What needs to be done:
Reproduce all of the entries below exactly, without images.

+===+

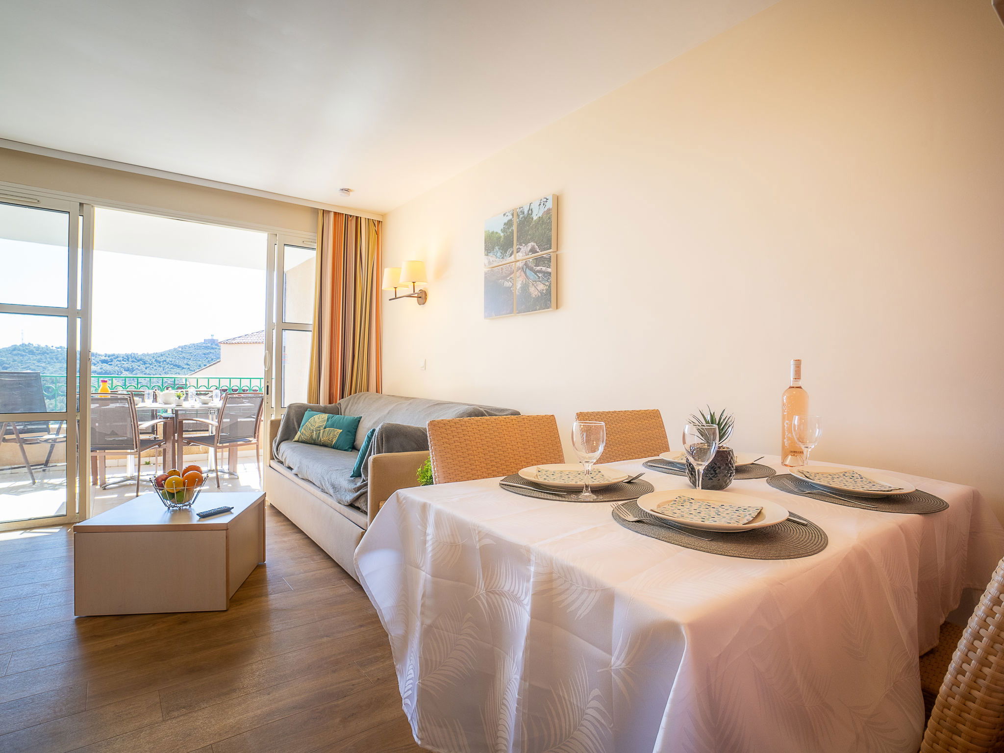 Large resort "Village Cap Estérel - L'Esquinade", built in 1990. On the outskirts, 2 km from the centre of Agay, on a slope, in the residential district, 900 m from the sea, 900 m from the beach, road to cross, on the golf course, in a pedestrian area. For shared use: park 210 ha, 5 swimming pools (seasonal availability: 06.Apr. - 03.Nov.). Children's pool, boccia, children's playground (slide, swing). In the complex: spa area (extra), shopping facilities, laundry (extra). Shop, grocery 500 m, supermarket 6 km, restaurant, bakery, café, bicycle rental 500 m, bus stop "Ligne 21" 300 m, railway station "Saint-Raphaël-Valescure - Agay" 9 km, sandy beach "Le Pourrousset" 800 m. Marina 1 km, golf course (9 hole) 300 m, tennis 500 m. Nearby attractions: Anthéor 8 km, Saint-Raphaël 9 km, Fréjus 13 km, Cannes 33 km, Saint-Tropez 50 km, Nice 76 km. Well-known lakes can easily be reached: Lac Saint-Cassien. Hiking paths: Massif de l'Estérel. Please note: car-free holiday complex, no lift. Entertainment in the season. Suitable for families, childminding in the season (extra). Guarded residence. The keys‘ handover takes place by the agency in Cap Estérel. The apartment is located in a zone with limited traffic. Additional accommodations can be booked. Access to the apartments is via steps, even on the ground floor.
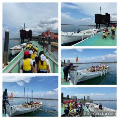 出発直後は櫂の動きもぎこちなく、バラバラで大丈夫かなと思いましたが、戻ってくるころには息が合ってスムーズでした。
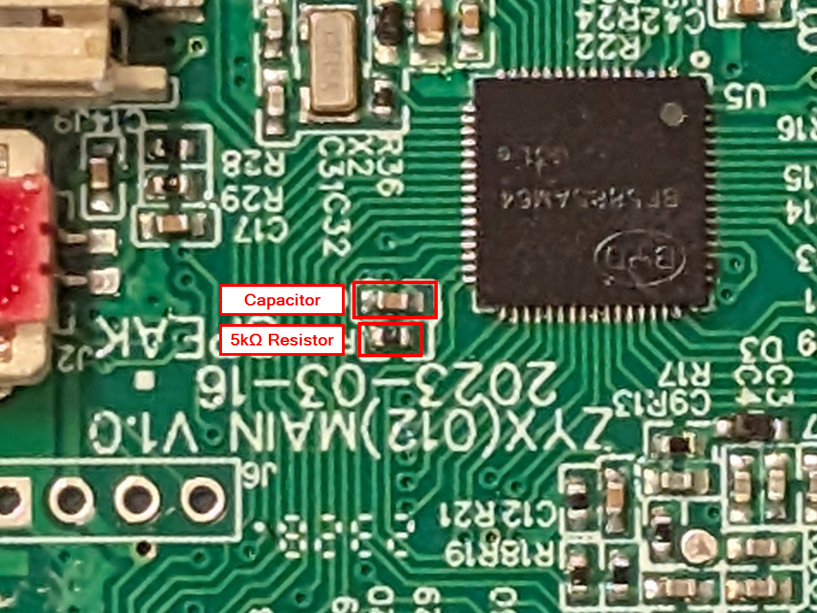 The 5kΩ pull-up resistor and capacitor on the MCU reset line
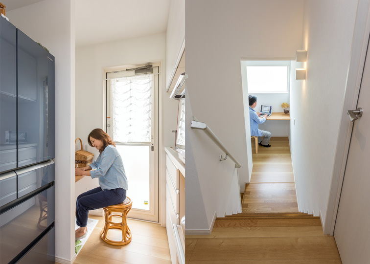 カウンターを設けて家事室も兼ねたパントリーや、中間階を書斎コーナーとするなど、夫妻それぞれに上手く希望の空間を実現。いずれも家族とのつながりを保ちながら、プライベートな時間を過ごせる大切な空間となりました
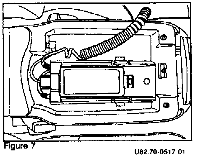 9. Push coaxial coupling into hole in front of armrest (Figure 6). DO NOT PINCH CABLE.

+===+

Task response:
 Large resort "Village Cap Estérel - L'Esquinade", built in 1990. On the outskirts, 2 km from the centre of Agay, on a slope, in the residential district, 900 m from the sea, 900 m from the beach, road to cross, on the golf course, in a pedestrian area. For shared use: park 210 ha, 5 swimming pools (seasonal availability: 06.Apr. - 03.Nov.). Children's pool, boccia, children's playground (slide, swing). In the complex: spa area (extra), shopping facilities, laundry (extra). Shop, grocery 500 m, supermarket 6 km, restaurant, bakery, café, bicycle rental 500 m, bus stop "Ligne 21" 300 m, railway station "Saint-Raphaël-Valescure - Agay" 9 km, sandy beach "Le Pourrousset" 800 m. Marina 1 km, golf course (9 hole) 300 m, tennis 500 m. Nearby attractions: Anthéor 8 km, Saint-Raphaël 9 km, Fréjus 13 km, Cannes 33 km, Saint-Tropez 50 km, Nice 76 km. Well-known lakes can easily be reached: Lac Saint-Cassien. Hiking paths: Massif de l'Estérel. Please note: car-free holiday complex, no lift. Entertainment in the season. Suitable for families, childminding in the season (extra). Guarded residence. The keys‘ handover takes place by the agency in Cap Estérel. The apartment is located in a zone with limited traffic. Additional accommodations can be booked. Access to the apartments is via steps, even on the ground floor.
 出発直後は櫂の動きもぎこちなく、バラバラで大丈夫かなと思いましたが、戻ってくるころには息が合ってスムーズでした。
 The 5kΩ pull-up resistor and capacitor on the MCU reset line
 カウンターを設けて家事室も兼ねたパントリーや、中間階を書斎コーナーとするなど、夫妻それぞれに上手く希望の空間を実現。いずれも家族とのつながりを保ちながら、プライベートな時間を過ごせる大切な空間となりました
 9. Push coaxial coupling into hole in front of armrest (Figure 6). DO NOT PINCH CABLE.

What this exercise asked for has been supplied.